Conditions for Linear Regression

There are certain conditions associated with the linear regression.

  1. Linearity
  2. Nearly normal Residuals
  3. Constant Variability

Linearity —

Relationship between the explanatory and the response variable should be linear

To check if the linearity is met, we can use the scatterplot of the data or a residuals plot

Scatterplot
Corresponding residuals plot

In the above scatterplot and residuals plot of the data points, we see the linear relationship but do not have significant non linear pattern that can be recognized.

Nearly normal residuals —

  • Residuals should be normally distributed, centered at 0
  • May not be satisfied if there are unusual observations that don’t follow the trend of the rest of the data
  • Check using a histogram or normal probability plot of residuals

Constant Variability —

Variability of points around the least squares line should be roughly constant which implies the variability of residuals around the 0 line should be roughly constant as well. This condition is called homoscedasticity.

This is a very good link that shows the variation of Residuals with the regression line — https://gallery.shinyapps.io/slr_diag/

From the above conditions, lets practice the learnt lessons

Linear Up

In the above example, we can see linear trend between our explanatory and our response variable. The residuals plot for this is completely scattered plot. The histograms of the residual plot is centered around 0. the shape of the plot looks fairly symmetric and the normal probability plot with almost all of the dots aligned on straight line, also indicates that the distribution of the residuals is nearly normal.

Linear Down

Just like above, this also has the linear trend, except this time the direction has changed. so we have downward trend between our response and our explanatory variables. The completely random scatter in the residuals plot. A fairly symmetric distribution in the histogram of the residuals and the normal probability looks good.

The above 2 are the happy scenarios where the conditions for linear regression is met. what if the conditions are not met. Let’s look at those examples.

Curved up

In this case, we have a curved relationship between our explanatory variable and response variable. We see the residual plot is not longer displaying a random scatter around zero. The histogram of the residuals shows a right skew. The same right skew is shown on the normal probability plot as well. So in this case, would it be appropriate to fit a linear model to predict Y from X? Definitely not.

Curved down

When we look at the curved down relationship, not an extreme curve and it might actually be somewhat difficult to say that it has linear relationship. But look at the residual plot it definitely is curved around the zero and it says the relationship is not linear. The distribution of residuals is no more scatterplot around zero. The histogram of the residual shows a distribution centered at zero, but the distribution does not exactly look very normal. We can also see normal probability plot also shows that the lot of points on the tails actually steer away from normality.
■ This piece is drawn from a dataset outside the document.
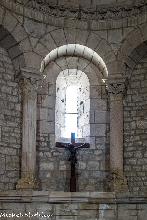 Lapins, têtes d’oiseaux, pampres de vignes. A la base, un être fabuleux qui a l’air de surgir et à la fois, supporter la colonnette.

In these 2 examples, the linearity condition has not been met.

What if the constant variability condition has not been met? This usually happens when we have fan shaped model. which means the datapoints are closer at one end and moving further it is distributed across. If the variability is low, the variability of the response variable is low as well.

Fan Shaped

As X increases the data are fanning out such that the response variable becomes more and more variable. This yields up what we call a fan-shaped residuals plot where we can clearly see that as X increases, the variability of the residuals increase as well. The histogram of the residuals looks fairly symmetric and it’s centered at zero. But looking at the normal probability plot, we can see that we are actually steering a quite a bit away from normality.